> What you will do
Copy exactly, no pictures: every line from the one that contains "О площадке Класс" through the end of the entries below.

> Input

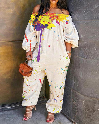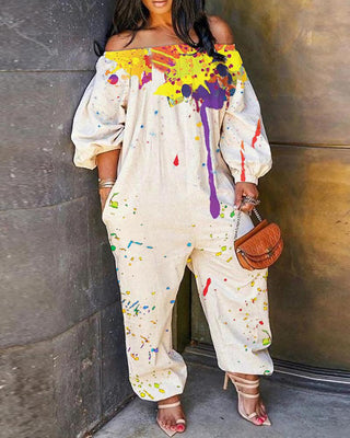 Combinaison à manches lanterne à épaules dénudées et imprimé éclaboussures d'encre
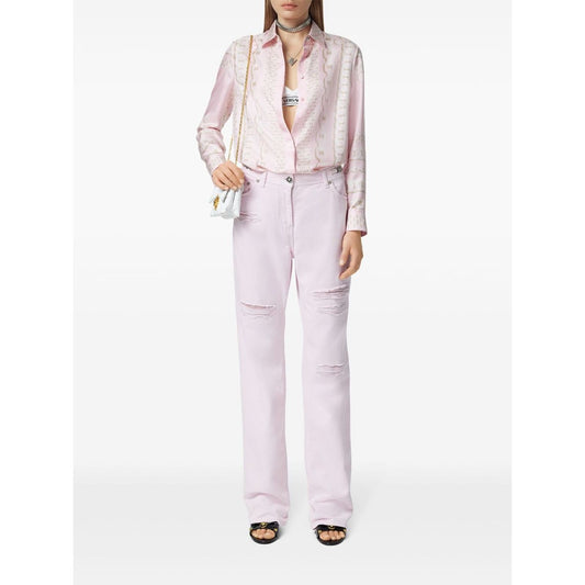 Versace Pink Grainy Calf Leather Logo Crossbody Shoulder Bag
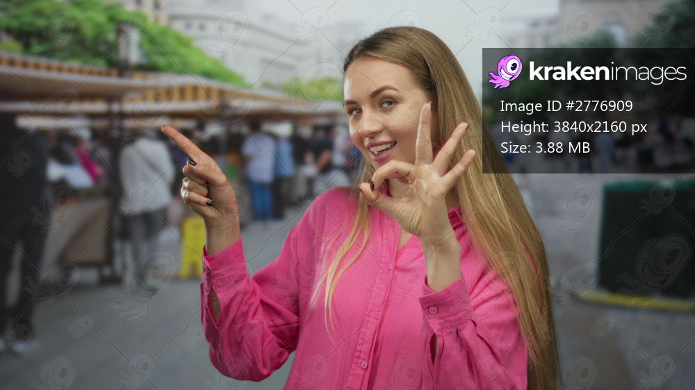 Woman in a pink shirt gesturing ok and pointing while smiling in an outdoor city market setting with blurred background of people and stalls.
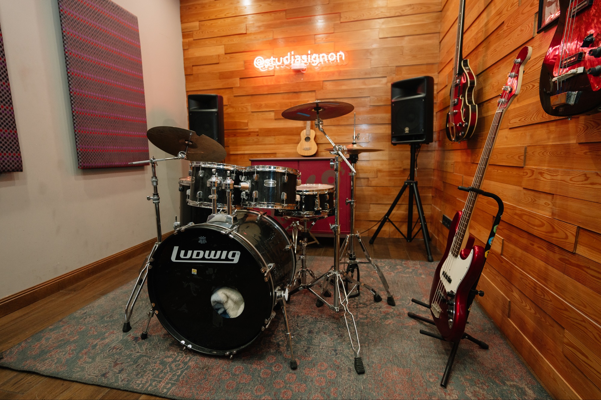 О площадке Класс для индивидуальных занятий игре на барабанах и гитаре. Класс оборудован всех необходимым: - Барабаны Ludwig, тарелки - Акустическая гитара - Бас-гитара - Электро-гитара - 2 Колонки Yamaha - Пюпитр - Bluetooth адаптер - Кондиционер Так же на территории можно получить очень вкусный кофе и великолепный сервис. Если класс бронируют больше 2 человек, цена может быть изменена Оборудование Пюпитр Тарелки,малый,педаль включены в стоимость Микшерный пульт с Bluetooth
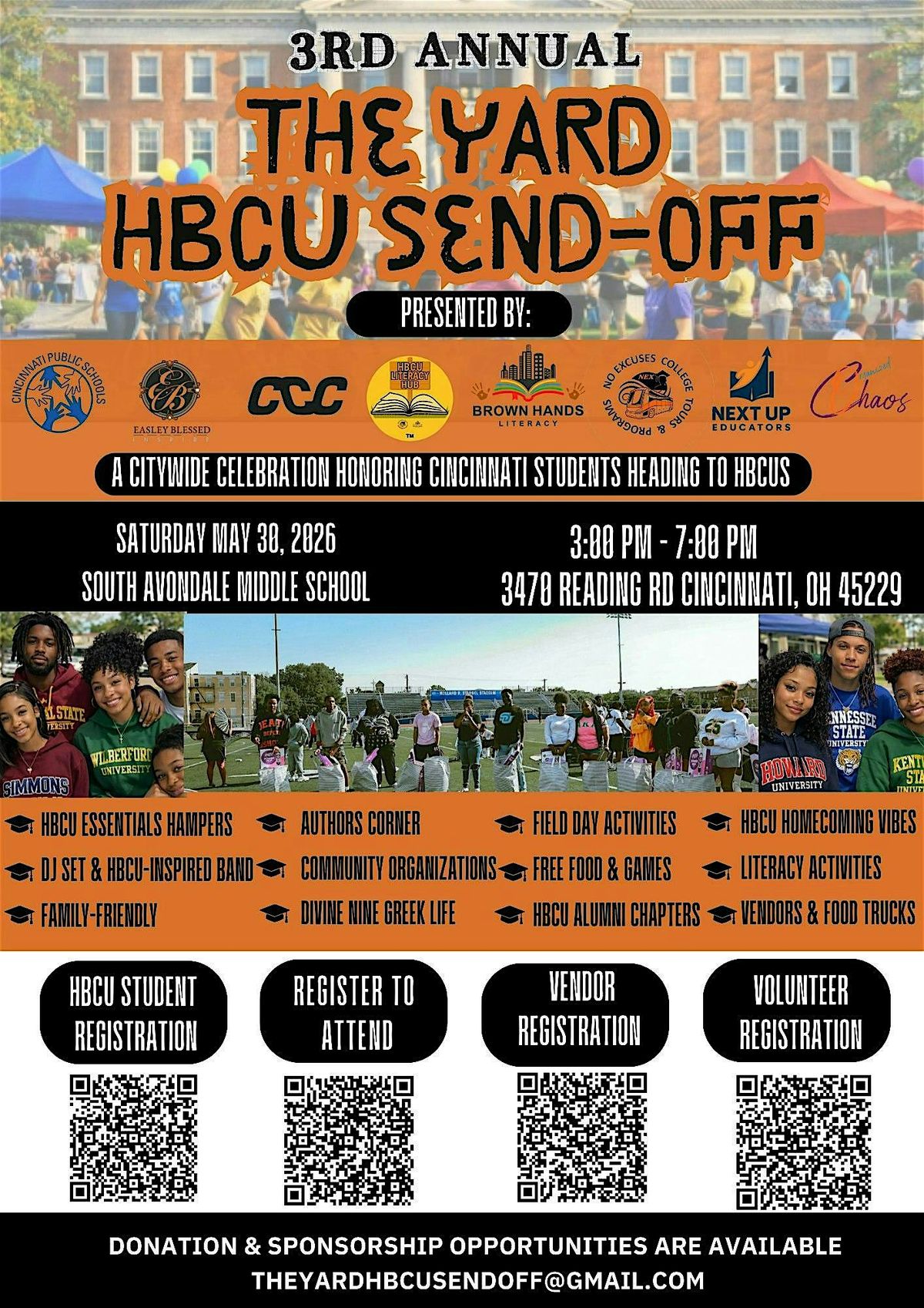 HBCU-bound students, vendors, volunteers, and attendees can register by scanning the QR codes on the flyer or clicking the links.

> Response to the exercise
 О площадке Класс для индивидуальных занятий игре на барабанах и гитаре. Класс оборудован всех необходимым: - Барабаны Ludwig, тарелки - Акустическая гитара - Бас-гитара - Электро-гитара - 2 Колонки Yamaha - Пюпитр - Bluetooth адаптер - Кондиционер Так же на территории можно получить очень вкусный кофе и великолепный сервис. Если класс бронируют больше 2 человек, цена может быть изменена Оборудование Пюпитр Тарелки,малый,педаль включены в стоимость Микшерный пульт с Bluetooth
 HBCU-bound students, vendors, volunteers, and attendees can register by scanning the QR codes on the flyer or clicking the links.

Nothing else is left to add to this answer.